Dataset section ::
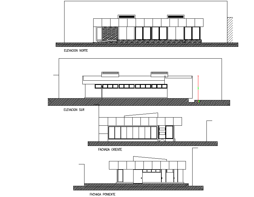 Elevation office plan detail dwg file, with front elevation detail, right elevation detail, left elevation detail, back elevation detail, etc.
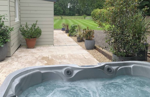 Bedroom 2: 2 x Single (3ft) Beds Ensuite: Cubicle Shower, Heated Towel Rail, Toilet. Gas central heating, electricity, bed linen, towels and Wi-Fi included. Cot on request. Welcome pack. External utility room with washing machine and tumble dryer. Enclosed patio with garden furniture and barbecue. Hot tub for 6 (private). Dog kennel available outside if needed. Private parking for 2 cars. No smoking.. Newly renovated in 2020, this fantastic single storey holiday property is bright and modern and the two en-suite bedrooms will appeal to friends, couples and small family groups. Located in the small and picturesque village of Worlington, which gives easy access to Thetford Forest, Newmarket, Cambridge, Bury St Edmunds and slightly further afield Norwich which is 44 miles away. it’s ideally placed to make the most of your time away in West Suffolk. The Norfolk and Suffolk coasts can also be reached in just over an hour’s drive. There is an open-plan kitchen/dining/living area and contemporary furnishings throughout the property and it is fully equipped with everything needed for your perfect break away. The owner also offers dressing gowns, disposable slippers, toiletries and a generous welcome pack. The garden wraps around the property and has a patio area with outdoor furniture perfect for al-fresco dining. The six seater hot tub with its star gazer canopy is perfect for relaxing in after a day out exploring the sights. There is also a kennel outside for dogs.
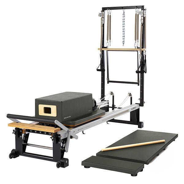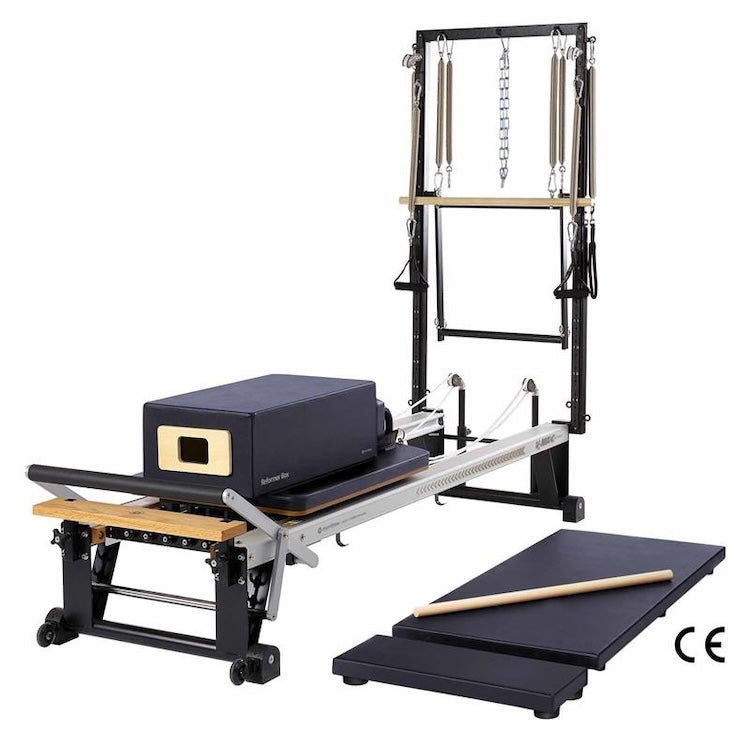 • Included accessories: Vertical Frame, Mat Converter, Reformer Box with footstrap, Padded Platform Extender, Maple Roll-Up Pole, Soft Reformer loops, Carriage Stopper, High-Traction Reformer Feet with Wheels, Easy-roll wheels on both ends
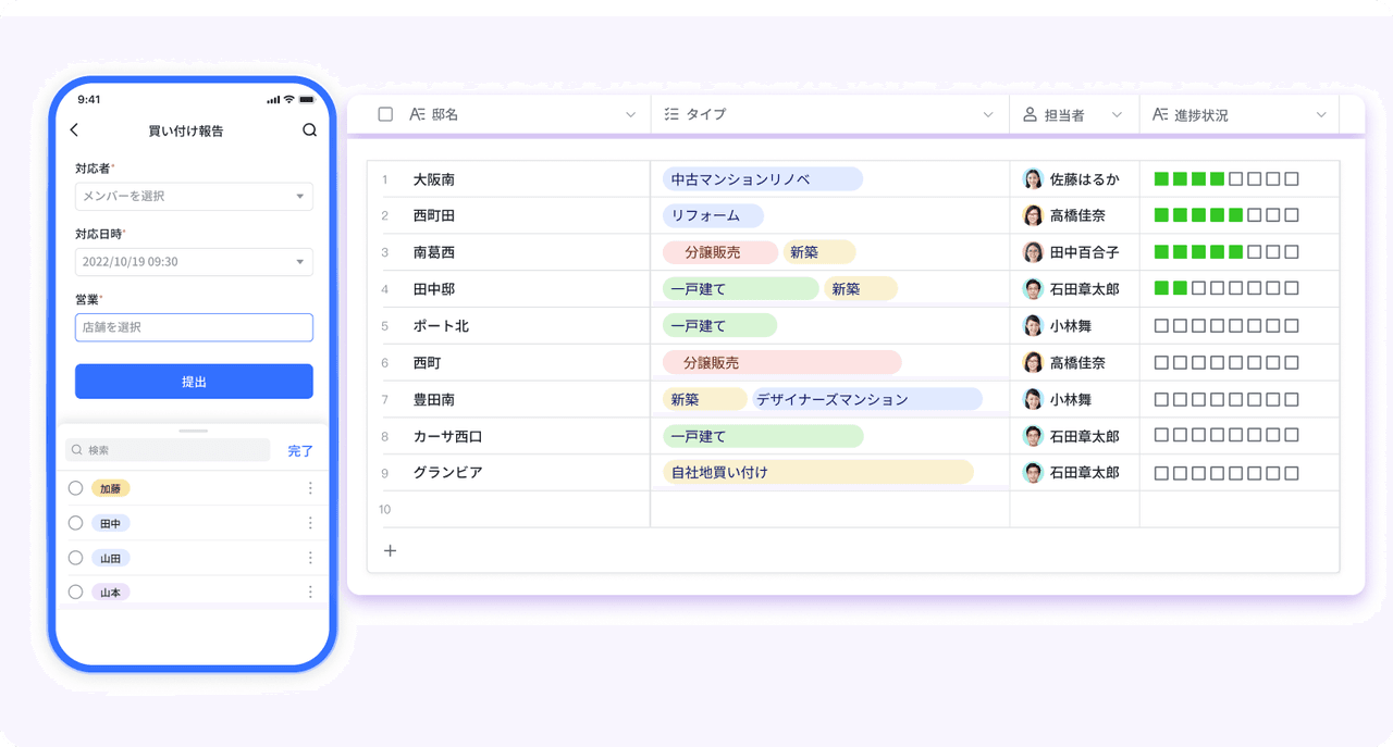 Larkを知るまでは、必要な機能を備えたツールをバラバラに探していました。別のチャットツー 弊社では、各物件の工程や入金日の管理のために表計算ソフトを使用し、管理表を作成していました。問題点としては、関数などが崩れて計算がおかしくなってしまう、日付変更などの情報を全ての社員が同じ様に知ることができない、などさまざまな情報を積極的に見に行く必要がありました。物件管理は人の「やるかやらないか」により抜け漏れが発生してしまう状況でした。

Exercise details :: Once the line containing "on both ends" has been found, write out exactly that line and each one after it through the end of the data, leaving out every picture.

Your solution ::
 • Included accessories: Vertical Frame, Mat Converter, Reformer Box with footstrap, Padded Platform Extender, Maple Roll-Up Pole, Soft Reformer loops, Carriage Stopper, High-Traction Reformer Feet with Wheels, Easy-roll wheels on both ends
 Larkを知るまでは、必要な機能を備えたツールをバラバラに探していました。別のチャットツー 弊社では、各物件の工程や入金日の管理のために表計算ソフトを使用し、管理表を作成していました。問題点としては、関数などが崩れて計算がおかしくなってしまう、日付変更などの情報を全ての社員が同じ様に知ることができない、などさまざまな情報を積極的に見に行く必要がありました。物件管理は人の「やるかやらないか」により抜け漏れが発生してしまう状況でした。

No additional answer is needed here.